[Start of section]

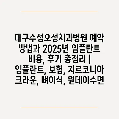 대구수성오성치과병원 예약 방법과 2025년 임플란트 비용, 후기 총정리 | 임플란트, 보험, 지르코니아 크라운, 뼈이식, 원데이수면 에 대해 자주 묻는 질문 TOP 5
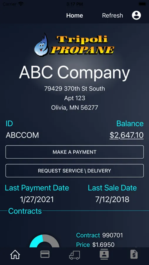 Information at your fingertips! This app gives you direct access to your account balance, location and contract information. It also gives you the ability to store and process payment and request service work and deliveries directly through the app.
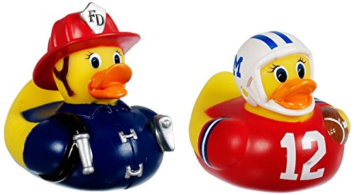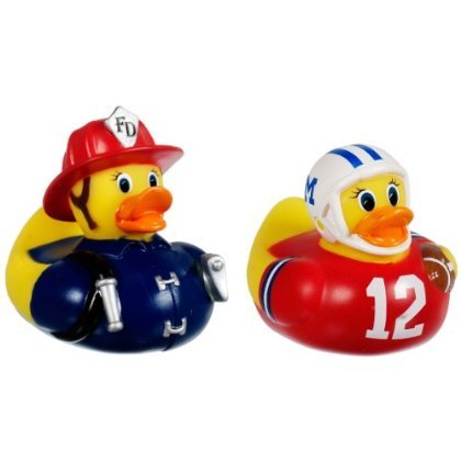 A fun twist on the classic yellow duck. This 2 count comes with one Fireman duck and one Football duck. Both ducks are equiped with a White Hot technology disc that tells you if the tempurature of the bath water is too hot. They're compact and portable making them great for traveling or that next trip to visit grandma and grandpa.
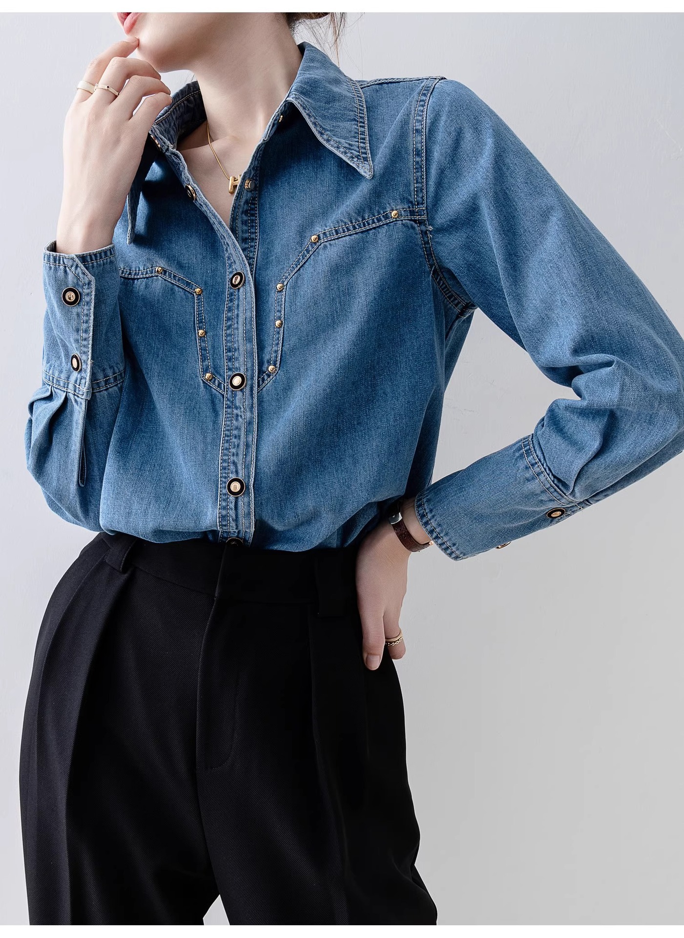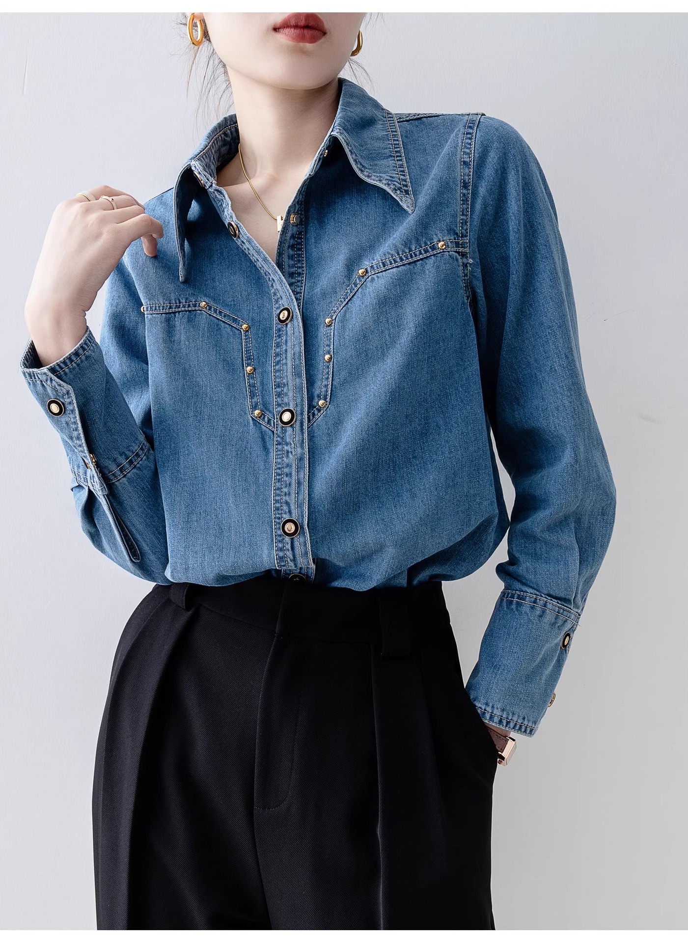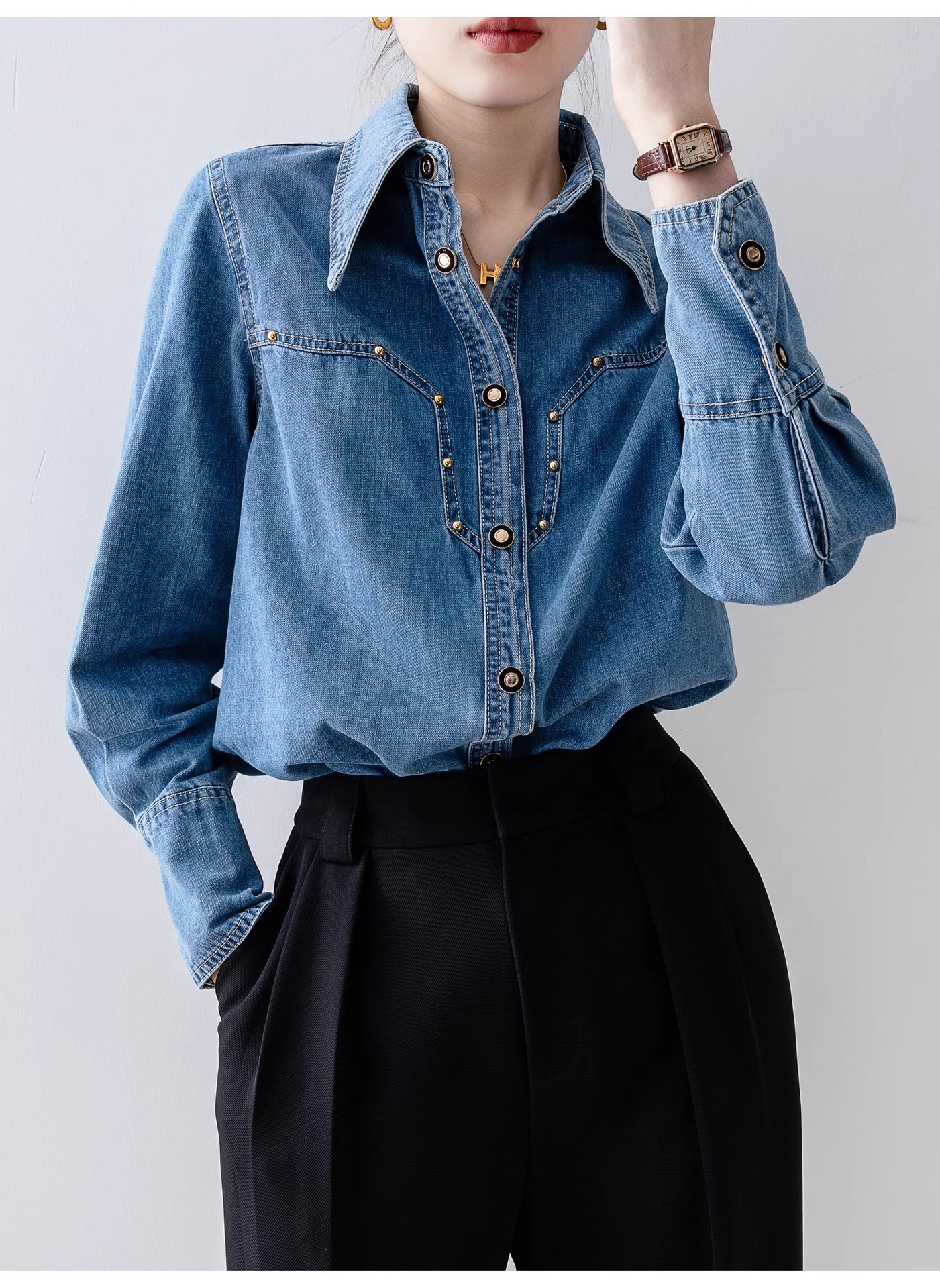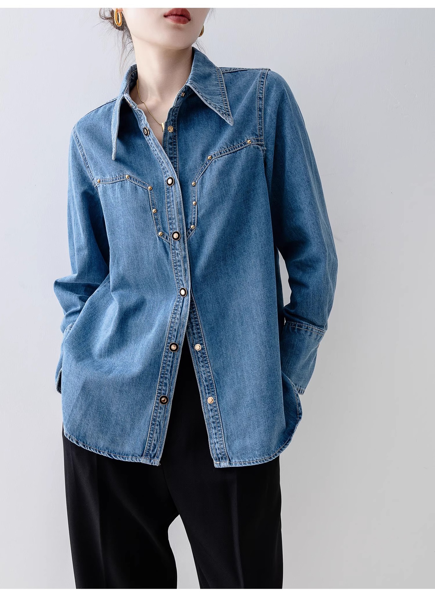 새로운 유럽 스타일 레트로 데님 셔츠 여성용 봄 프렌치 스타일 루즈핏 셔츠 다용도 긴팔 상의 여성 의류 A2971
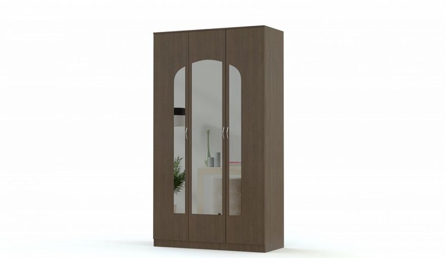 Распашной шкаф Светлана 7 BMS – это высокая элегантная модель в темных древесных тонах. Выполненный из ЛДСП высокого качества, шкаф отличается простотой ухода, надежностью и доступной ценой. Трехдверная модель оборудована платяным отделением со штангой и бельевыми полками, фасад украшают ростовые арочные зеркала. Купить распашной шкаф Светлана 7 BMS для меблировки спальни или прихожей вы сможете в нашем интернет-магазине.
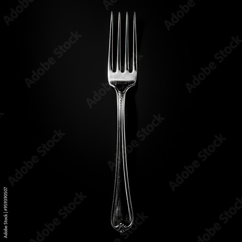 fork, silverware, cutlery, eating, dining, meal, food, kitchen, utensil, eatery, table, silver, metal, shiny, black, background, isolated, simple, minimalist, design, graphic, object, still life, monochrome, black-and-white, classic, vintage, traditional, elegant, formal, clean, sharp, closeup, macro
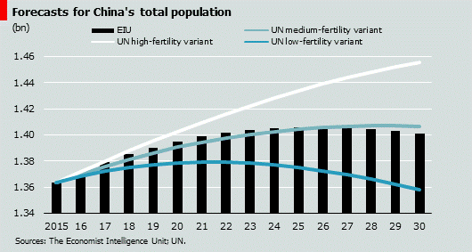 China’s population may even age faster than these projections. These estimates are based on the standard assumption that the fertility rate rises from the current rate of 1.6 to 1.7-1.8 live births per woman. New estimates from The Economist’s Economic Intelligence Unit the fertility rate is far lower than initially thought, and “peak population comes four years sooner that the UN’s baseline ‘medium-fertility’ variant”.
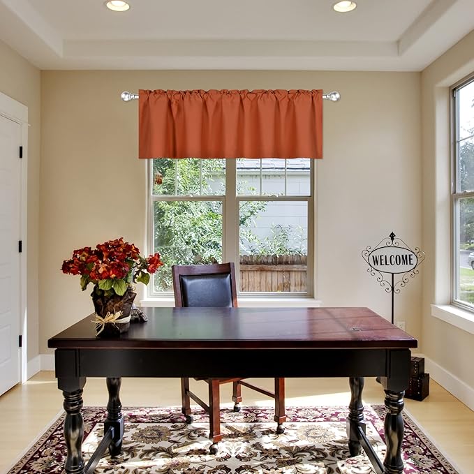 Burnt Orange Valance - Rust Valance for Windows 72x18 Inch Solid Blackout Rod Pocket Kitchen Short Curtain Toppers Valance for Bathroom Living Room, Terracotta
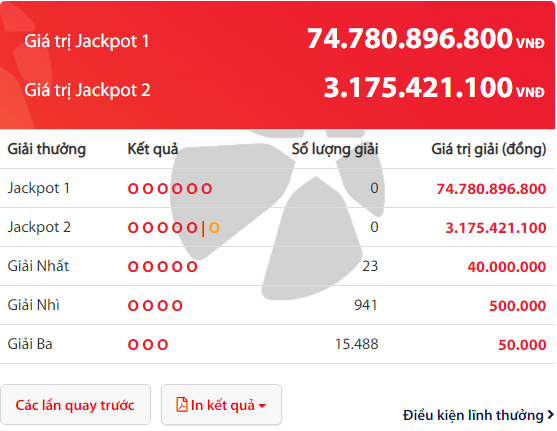 Theo thể lệ Vietlott, do kỳ quay thưởng 227 đã không tìm ra chủ nhân của giải độc đắc nên số tiền 74.780.896.800 đồng sẽ được cộng dồn vào giải Jackpot trong kỳ quay thưởng tiếp theo. Nếu cộng thêm tiền bán vé số, chủ nhân giải Jackpot 1 trong kỳ quay thưởng tới đây có thể nhận được số tiền lên đến 77 tỷ đồng.
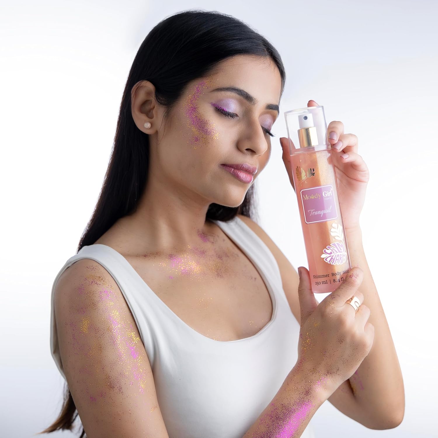 Moody Girl Tranquil Luxury Shimmer Body Mist for Women 250ml | Passionfruit, Tangerine, Peony & Berries | Musky & Fruity | Ideal for Gifting to Women & Girls
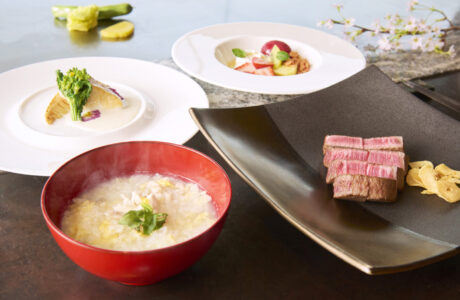 黒毛和牛の鉄板焼と河豚雑炊を主役に据えた、初春限定のランチコース。河豚は地域によって「ふく」とも呼ばれ、福に通じる縁起の良い食材として親しまれてきました。新たな季節の始まりに、皆様へ福が訪れることを願い、滋味深い河豚雑炊としてお届けいたします。目の前で仕上げる鉄板焼の臨場感とともに、穏やかな昼のひとときをご堪能ください。
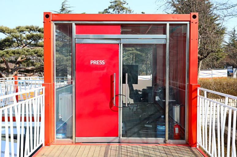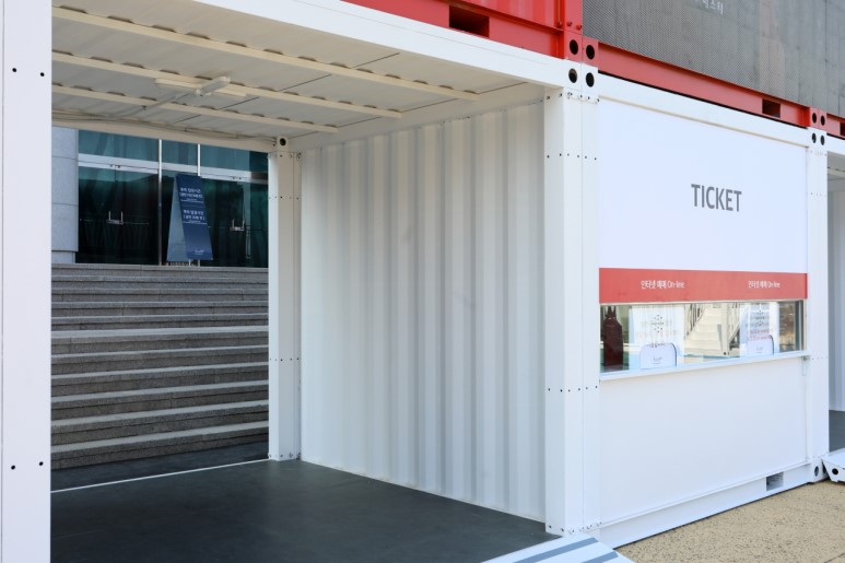 江陵原州大學(xué)是韓國(guó)的國(guó)立綜合大學(xué),坐落于東海岸的有力地勢(shì),對(duì)觀(guān)光,環(huán)境,海洋等領(lǐng)域進(jìn)行大力投資。得益于優(yōu)美的環(huán)境,一些展覽和演出會(huì)選址在大學(xué)里進(jìn)行。為了方便臨時(shí)售票和進(jìn)出場(chǎng),一些集裝箱建筑被佇立在了這里。
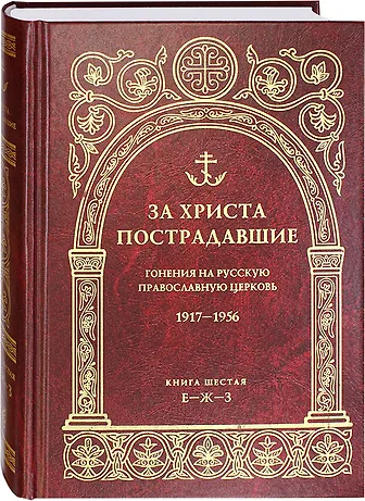 Биографический справочник «За Христа пострадавшие» содержит сведения о пострадавших за православную веру в годы репрессий клириках и мирянах Русской Православной Церкви. Справочник составлен по материалам одноименной базы данных, разработанной д.т.н. проф. Н.Е. Емельяновым в Православном Свято-Тихоновском гуманитарном университете на базе оригинального программного обеспечения СУБД НИКА (разработка Института системного анализа РАН). Сведения о пострадавших приводятся в алфавитном порядке. Шестой том составлен из биографических справок на буквы Е-Ж-З.
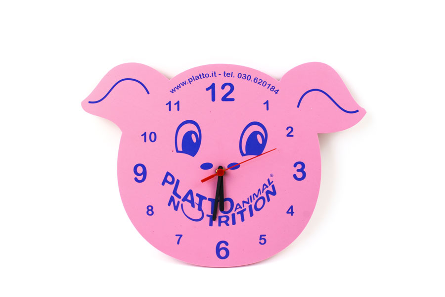 Orologio a forma di maiale realizzato in gomma eva certificata e 100% Made in Italy. Personalizzazione ad hoc del prodotto con stampa di nomi e loghi.
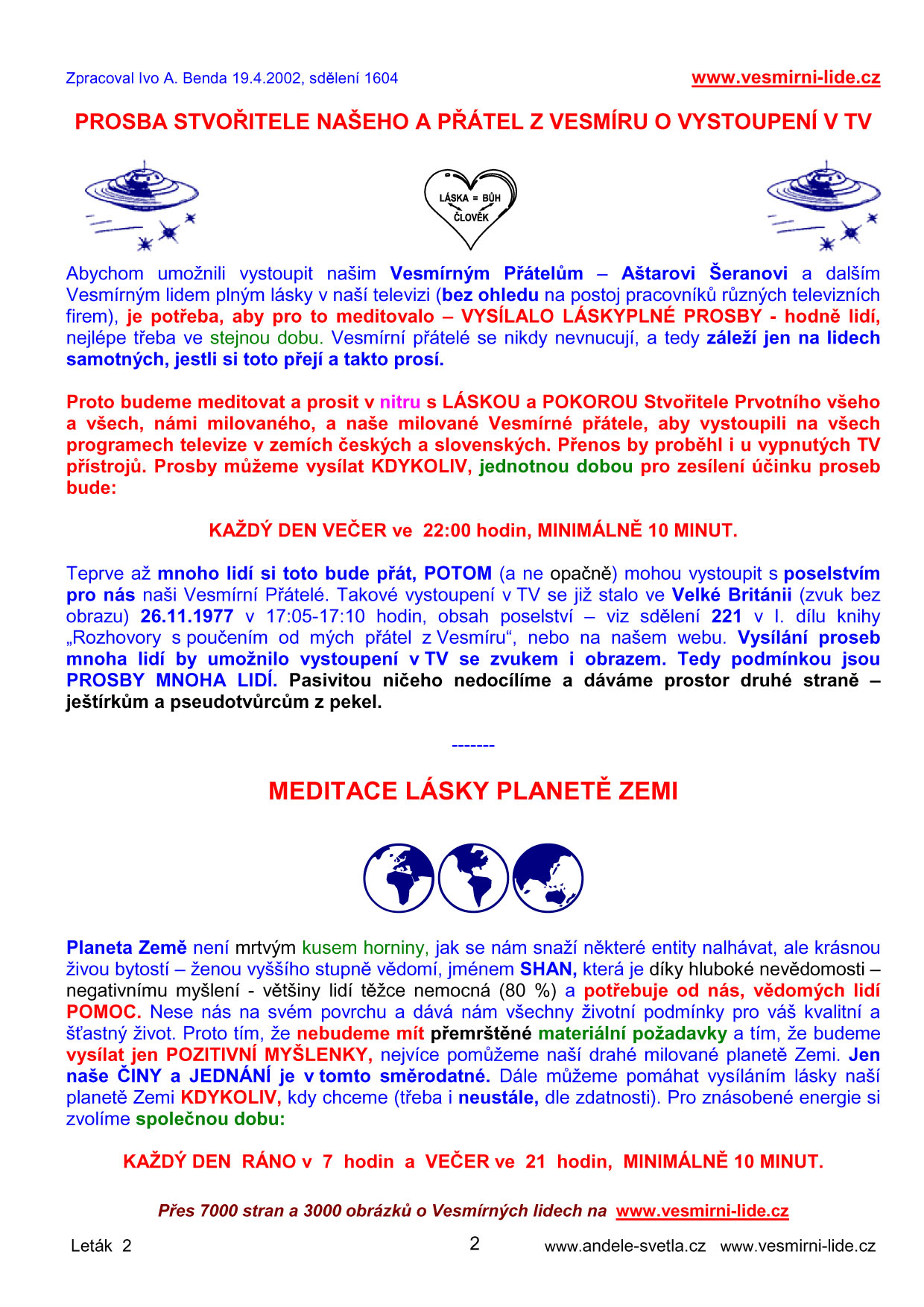 PROSBA  O  VYSTOUPENÍ  V  TV,  MEDITACE  PRO  ZEMI
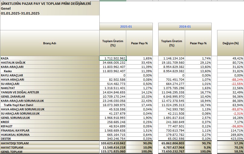 👉Hayat ve Hayat Dışı Olmak üzere Türk Sigorta Sektötünde Faaliyet gösteren Sigorta Şirketleri, 2025 Yılı Ocak ayında, bir önceki yıl aynı döneme göre %58 lik bir büyüme sağlayarak 115 Milyar Toplam Prim Üretimine Ulaştı.
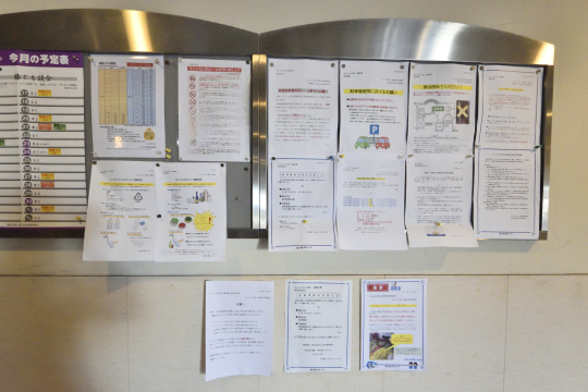 掲示板。(駐車場についての掲示が多い印象)ご内覧時にご確認くださいませ。

[End of section]

_TASK DESCRIPTION_
Only one part of the material above is wanted: the lines from the one with "Burnt Orange Valance" up to and including the one with "Orologio a forma". Please copy them exactly, pictures left out.

_TASK RESULT_
 Burnt Orange Valance - Rust Valance for Windows 72x18 Inch Solid Blackout Rod Pocket Kitchen Short Curtain Toppers Valance for Bathroom Living Room, Terracotta
 Theo thể lệ Vietlott, do kỳ quay thưởng 227 đã không tìm ra chủ nhân của giải độc đắc nên số tiền 74.780.896.800 đồng sẽ được cộng dồn vào giải Jackpot trong kỳ quay thưởng tiếp theo. Nếu cộng thêm tiền bán vé số, chủ nhân giải Jackpot 1 trong kỳ quay thưởng tới đây có thể nhận được số tiền lên đến 77 tỷ đồng.
 Moody Girl Tranquil Luxury Shimmer Body Mist for Women 250ml | Passionfruit, Tangerine, Peony & Berries | Musky & Fruity | Ideal for Gifting to Women & Girls
 黒毛和牛の鉄板焼と河豚雑炊を主役に据えた、初春限定のランチコース。河豚は地域によって「ふく」とも呼ばれ、福に通じる縁起の良い食材として親しまれてきました。新たな季節の始まりに、皆様へ福が訪れることを願い、滋味深い河豚雑炊としてお届けいたします。目の前で仕上げる鉄板焼の臨場感とともに、穏やかな昼のひとときをご堪能ください。
 江陵原州大學(xué)是韓國(guó)的國(guó)立綜合大學(xué),坐落于東海岸的有力地勢(shì),對(duì)觀(guān)光,環(huán)境,海洋等領(lǐng)域進(jìn)行大力投資。得益于優(yōu)美的環(huán)境,一些展覽和演出會(huì)選址在大學(xué)里進(jìn)行。為了方便臨時(shí)售票和進(jìn)出場(chǎng),一些集裝箱建筑被佇立在了這里。
 Биографический справочник «За Христа пострадавшие» содержит сведения о пострадавших за православную веру в годы репрессий клириках и мирянах Русской Православной Церкви. Справочник составлен по материалам одноименной базы данных, разработанной д.т.н. проф. Н.Е. Емельяновым в Православном Свято-Тихоновском гуманитарном университете на базе оригинального программного обеспечения СУБД НИКА (разработка Института системного анализа РАН). Сведения о пострадавших приводятся в алфавитном порядке. Шестой том составлен из биографических справок на буквы Е-Ж-З.
 Orologio a forma di maiale realizzato in gomma eva certificata e 100% Made in Italy. Personalizzazione ad hoc del prodotto con stampa di nomi e loghi.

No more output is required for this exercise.